Cynthia Ferich has the recipe

www.cynthiacooks.com

Italian Wedding Soup

64 oz. Prepared Chicken Broth (homemade or purchased)

1 large split chicken breast with ribs and skin

1 carrot chopped

1 celery stalk, chopped

1 onion, chopped

3 garlic cloves, finely chopped

1 teaspoon salt and a dash of pepper, to taste

1 bunch of escarole, washed well of all sand and chopped

Meatballs (recipe below)

2 eggs, beaten

½ cup Romano Cheese

1 cup Pastina, cooked

Add all in ingredients in a large soup pot (except for the eggs, ½ cup Romano cheese and meatballs). Cover and simmer until the chicken and vegetables are tender, approximately 90 minutes. Meanwhile, make meatballs and refrigerate. Cook pastina and set aside.

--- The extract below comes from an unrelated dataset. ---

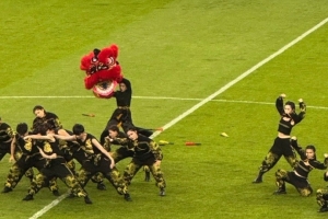 體育資訊4月26日訊 今天深圳新鵬城主場對陣大連英博的賽前,進(jìn)行了傳統(tǒng)的舞獅表演。

After the chicken and veggies are cooked and tender, remove chicken and cool. Remove ribs, skin and discard. Shred chicken and add back to the pot of stock. Add meatballs, one-at-a-time. When they float to the top, they are cooked.

Beat two eggs in a small bowl, adding Romano cheese until well-combined. Gently pour the egg/cheese mixture into the hot soup. Add pastina and serve with additional grated cheese. Serve!

Italian Meatballs for Italian Wedding Soup

1-pound meatloaf mix (an equal 'trio' combination of ground beef, pork and veal)

1 slice old bread, crusts removed, and torn

1 small onion grated

1/2 cup grated Romano cheese

1 egg

2 garlic cloves, minced

1 teaspoon salt and a dash of pepper, to taste

A handful of fresh Italian flat-leaf parsley, finely chopped

In a large bowl, combine all ingredients and mix well. Shape and roll into the size of a nickel. Add to the hot soup to cook. When they rise to the top of the soup, they are cooked.